If it be the sovereign pleasure of the Lord, may your correspondent Mr. W. be led deeply into the deep things of God, by that glorious Spirit who alone can search them; and may he daily feel that without the teachings of this blessed Spirit he does not know what he should pray for as he ought; and then I think he will not be induced to write another epistle similar to that which I have just noticed in this.

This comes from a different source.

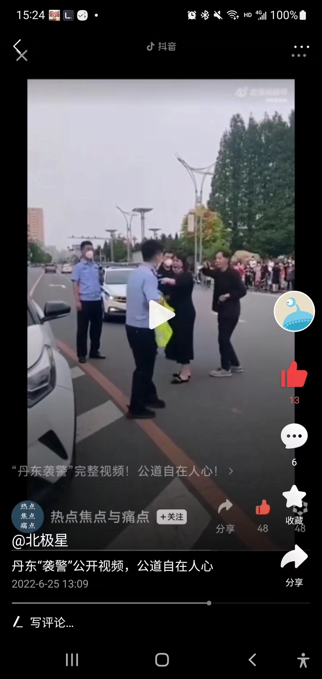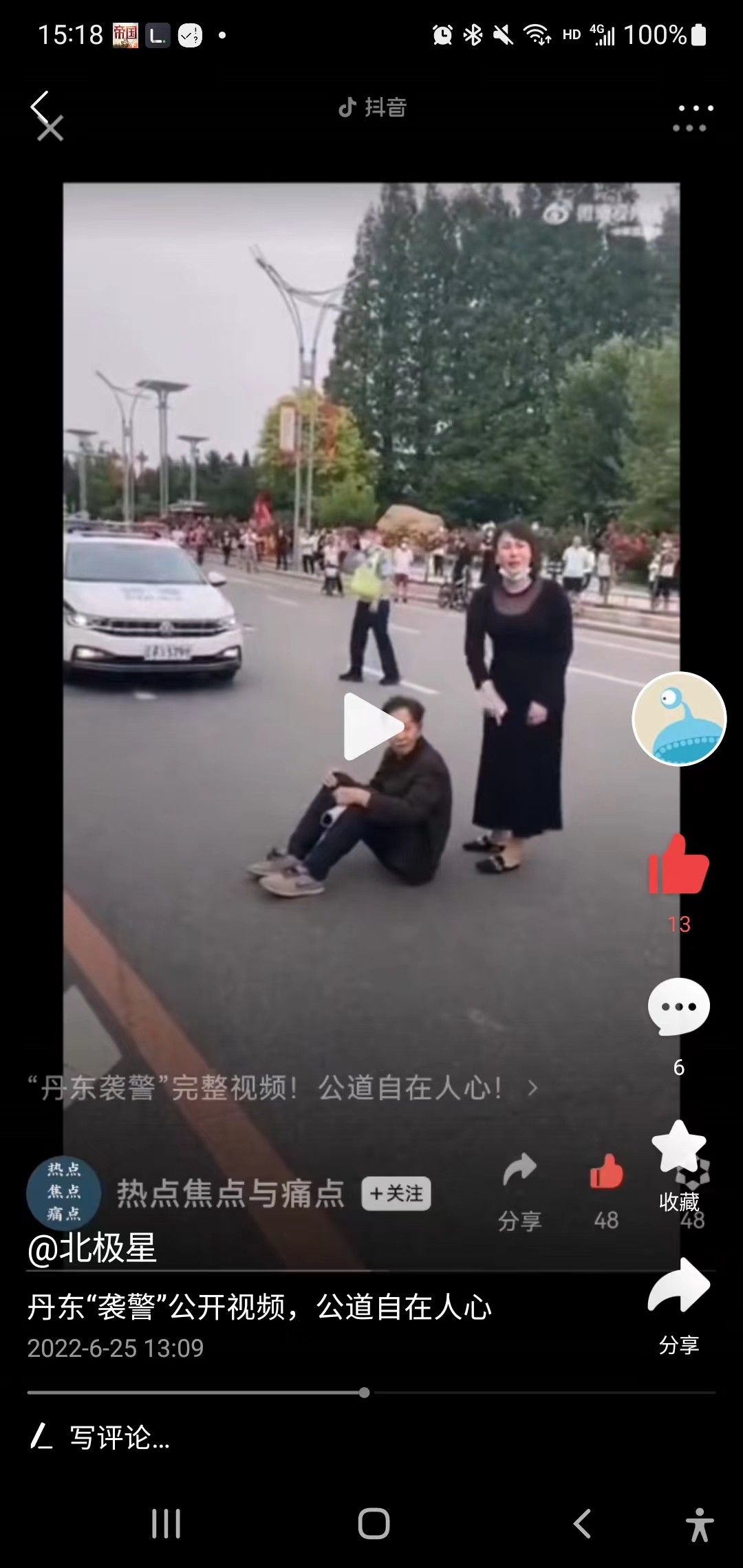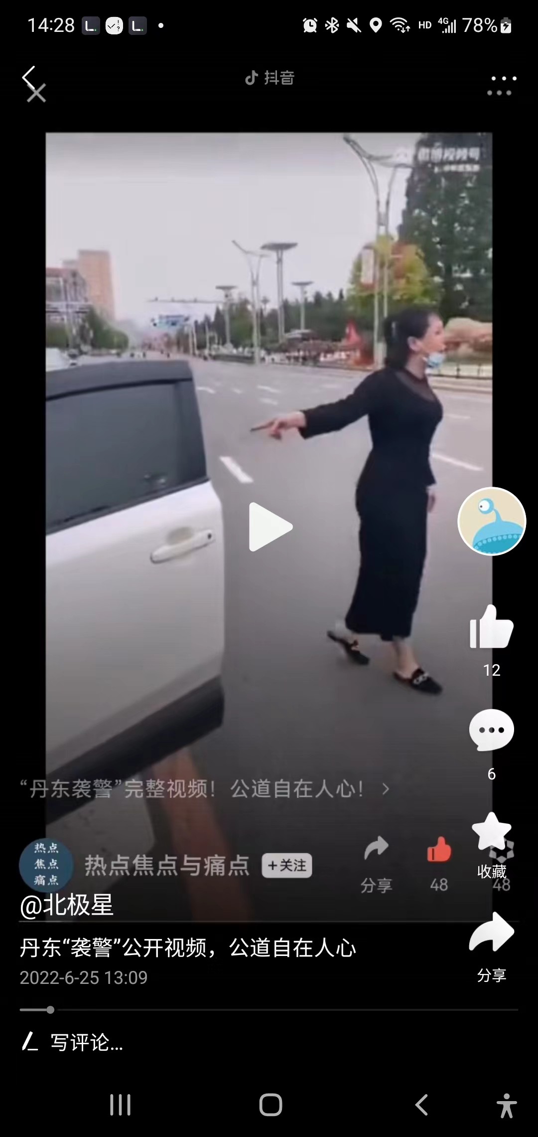 这个时候女子往前的时候,说我要上我的车,并说我要上我的车,警察说我不能让你上车,然后女子倒地,警察这里用胳膊挡了一下也可以认定为推,我认为这里这个推的动作并不违规,女子已经持续要强行上车,警察可以采取一定的手段,女子倒地之后立马来了几句警察打人了。这个时候估计想用舆论压力来逼迫警察,说警察打人,

[I think it right to say that my father knew nothing of Mr. Woodrow’s letter until he saw it in print. I inserted it for the very purpose of causing him to write a reply. I confess also that on more than one occasion, I myself wrote an article and sent my father a proof, as it seemed to be the only way of getting him to write in time, he being so much from home; but as soon as he had cast his eye over the proof he would do what I wanted—sit down and write a proper article. He would then come down to my office and most emphatically say, “This [my proof] will never do. [I knew that very well.] See; this is what I have been writing.”—J. G.]